GOAL OF THE EXERCISE>
Return every line of the records that includes the string "chenilles".

MATERIAL TO PROCESS>
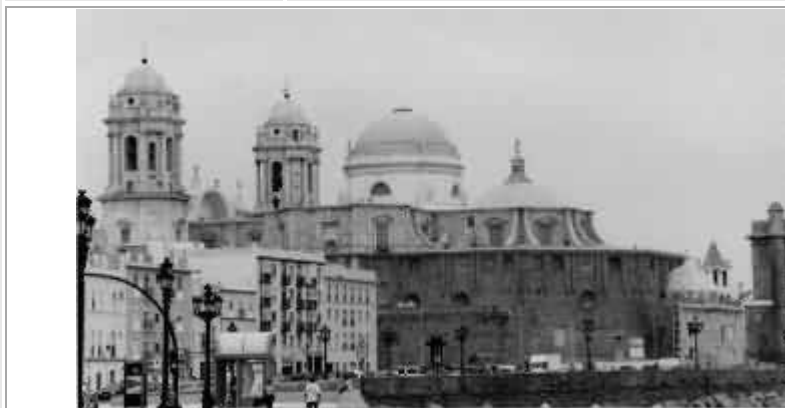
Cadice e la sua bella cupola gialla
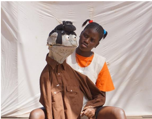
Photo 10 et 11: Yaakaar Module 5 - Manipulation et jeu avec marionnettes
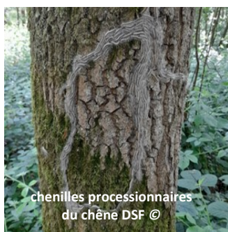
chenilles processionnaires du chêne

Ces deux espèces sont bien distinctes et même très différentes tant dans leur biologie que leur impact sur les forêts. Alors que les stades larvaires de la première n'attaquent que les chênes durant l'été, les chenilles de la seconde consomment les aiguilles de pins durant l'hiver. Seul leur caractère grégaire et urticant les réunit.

==

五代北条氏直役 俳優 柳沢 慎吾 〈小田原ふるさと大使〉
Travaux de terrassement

OUTPUT FOR THIS TASK>
chenilles processionnaires du chêne
Ces deux espèces sont bien distinctes et même très différentes tant dans leur biologie que leur impact sur les forêts. Alors que les stades larvaires de la première n'attaquent que les chênes durant l'été, les chenilles de la seconde consomment les aiguilles de pins durant l'hiver. Seul leur caractère grégaire et urticant les réunit.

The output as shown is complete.